The Global Stocktake is a major opportunity for emerging economies and least developed countries to call richer countries to account, since current impacts of climate are largely due to the stock of CO2 in the atmosphere that they emitted since the industrial revolution. There is also despair among scientists that obstructionist climate politics played by wealthier nations is creating a point of no return, with ongoing climate impacts: warmer oceans, rising sea levels and threats to critical glaciers in Greenland and the West Antarctic. These could send the world into uncharted territory as tipping points are crossed. 

The IPCC synthesis report on national pledges on greenhouse gas emissions cuts shows that at present rates, by 2030 there could be an increase in carbon emissions of 16% over 2010 levels. The latest findings indicate that such a rise may produce a temperature rise of about 2.7°C by the end of the century, with catastrophic consequences.

There is also legitimate fear of worse climate events to follow, that too more frequently. Climatologist James Hansen and his colleagues at the U.S. National Aeronautics and Space Administration (NASA) forecast in September that 2024 appears set to become the hottest year on record, “off the chart”, on the back of an El Nino expected to set in during 2023 after a gap of a few years.
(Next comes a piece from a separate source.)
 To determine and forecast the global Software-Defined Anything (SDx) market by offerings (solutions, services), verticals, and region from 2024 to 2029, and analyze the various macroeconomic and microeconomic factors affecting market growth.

This has implications for all connected aspects such as glacier health, sea level rise, sea surface temperature and biodiversity health. A warmer atmosphere retains more water vapour, and when moving to cooler areas, dumps staggering volumes of rainfall. Drowning Indian cities are now a familiar sight. 
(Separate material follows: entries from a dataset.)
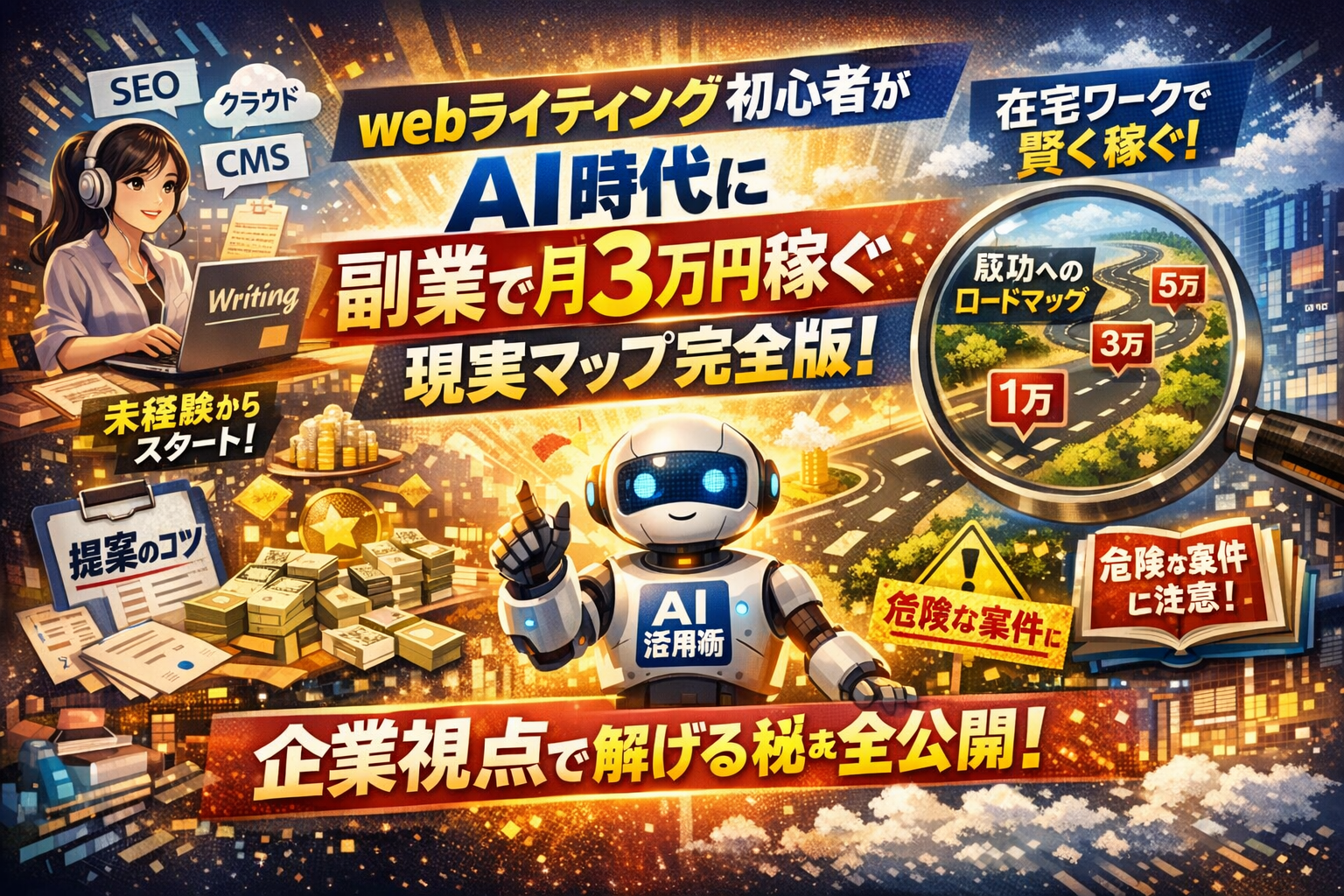 AIツールの導入支援でも、うまく活用して単価を上げた人と、AI丸投げで信用を落とした人がはっきり分かれています。稼げない原因を努力不足や才能のせいにしてほしくないので、発注側と現場で見てきた具体的な道筋を、月3万円を目指す現実的な地図としてまとめました。
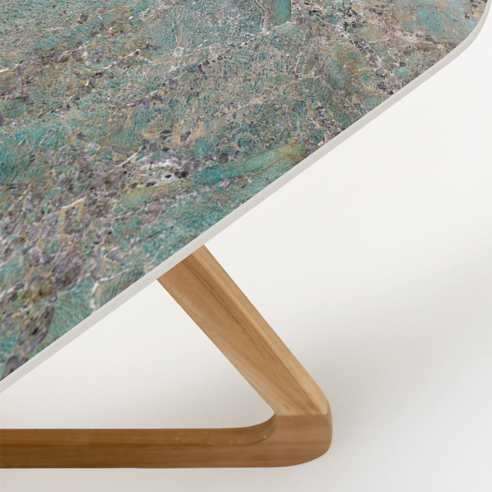 wyprodukowany we Włoszech. Ten ekskluzywny stolik ogrodowy to prawdziwa perełka designu, łącząca elegancję drewna z nowoczesnością ceramiki. Blat wykonany z wysokiej jakości ceramiki w zachwycającym, antycznym odcieniu zieleni oferuje wyjątkową odporność na warunki atmosferyczne i nieprzemijające piękno.
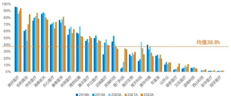 根据2022年年报披露的医疗设备企业海外业务平均占比达到 38.8%,其中部分企业已形成较为成熟的海外销售体系。
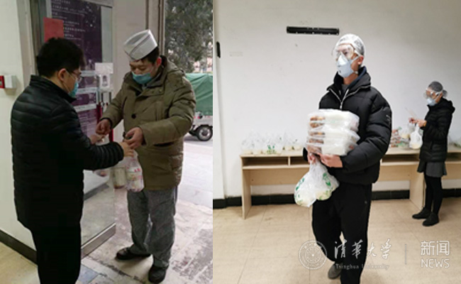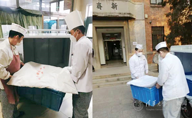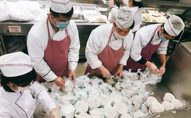 伴随着萌萌的感谢表情,工作人员将来自观畴园食堂的早餐配送到每位同学房门前。
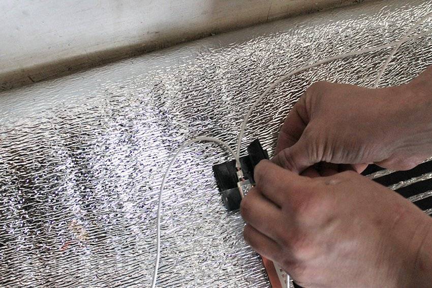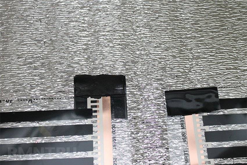 Каждое место подключения изолируется двумя кусочками битумной изоленты (один кладется под контакт, а другой сверху). Надежная изоляция — залог безотказной работы теплого пола.
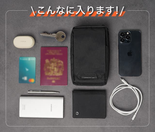 例えば、スマホ、二つ折り財布、モバイルバッテリー、イヤホン、パスポート、ケーブル、カード、ペン、鍵など、必要なアイテムをしっかり収納可能。
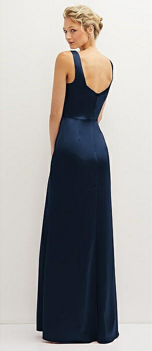 Square-Neck Satin A-line Maxi Dress with Front Slit in midnight navy
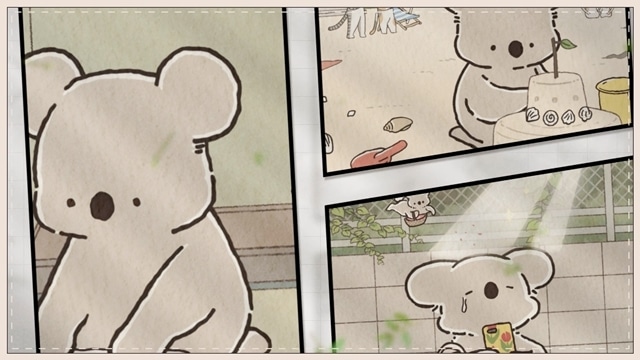 洗濯物を畳んだり、届いている封筒を確認したり、お茶を飲んでこぼしてしまったり、コアラさんの穏やかな日常がふんだんに詰め込まれています。内田彩が演じるコアラさんのボイスも初公開となっており、原作ではほとんど台詞がないコアラさんの感情が見事な息遣いで表現されている部分に注目です。

Michael Mann, a climate scientist at the University of Pennsylvania, reported five years ago that on average, for each one degree C warming of the ocean surface, an increase in wind speeds of major hurricanes of about 28 km per hour could be expected. Their destructive potential also goes up considerably.

Another high-level scientific report written after the Paris Agreement came into force is the Dasgupta Review, by the Cambridge economist Partha Dasgupta, on the economics of biodiversity. His Commission’s accounting shows that factors that influence the climate system, such as forests, rivers, waterbodies and the life forms that sustain them, should be treated as public goods since they play a critical role. 

Reducing the damage from climate change and biodiversity loss is “akin to the production of public goods, which are neither rivalrous (access to a public good by any one group of people has no effect on the quantity available to others) nor excludable (no one can be excluded from access to the good)”, he says in the report. Factors that help regulate the climate must be safeguarded as global public goods.

Claiming compensation

Scientifically estimating the contribution of natural resources would help countries including India claim special compensation for these public goods — the Western Ghats, the Northeast forests, the Himalayan glaciers, river systems and so on. With such compensation Brazil should stop deforestation in the Amazon, a vital monsoon and climate regulator, and forests in Southeast Asia must be saved too. 

One question that is bound to arise around the 2023 Global Stocktake is the commitment of emerging economies to align their policies at the most decentralised level of cities and towns on energy, buildings, transport, water use, agriculture and soil preservation, waste management and urbanisation to climate imperatives, consistent with the UNFCCC charter. By that it is meant that richer countries help them do so and do more themselves. As of now, this has not happened, since there is no climate audit for each policy measure, and long-term carbon intensive lock-in effects will continue to be felt. 

Rising tax on carbon polluters?

The U.S. recently passed the Inflation Reduction Act, making available, among other things, $370 billion to shift to solar and wind energy, away from fossil fuels. But Prof. Hansen calls this insignificant while being burdensome on future generations. What is needed, he has argued, is a rising tax on carbon polluters to end the use of fossil fuels.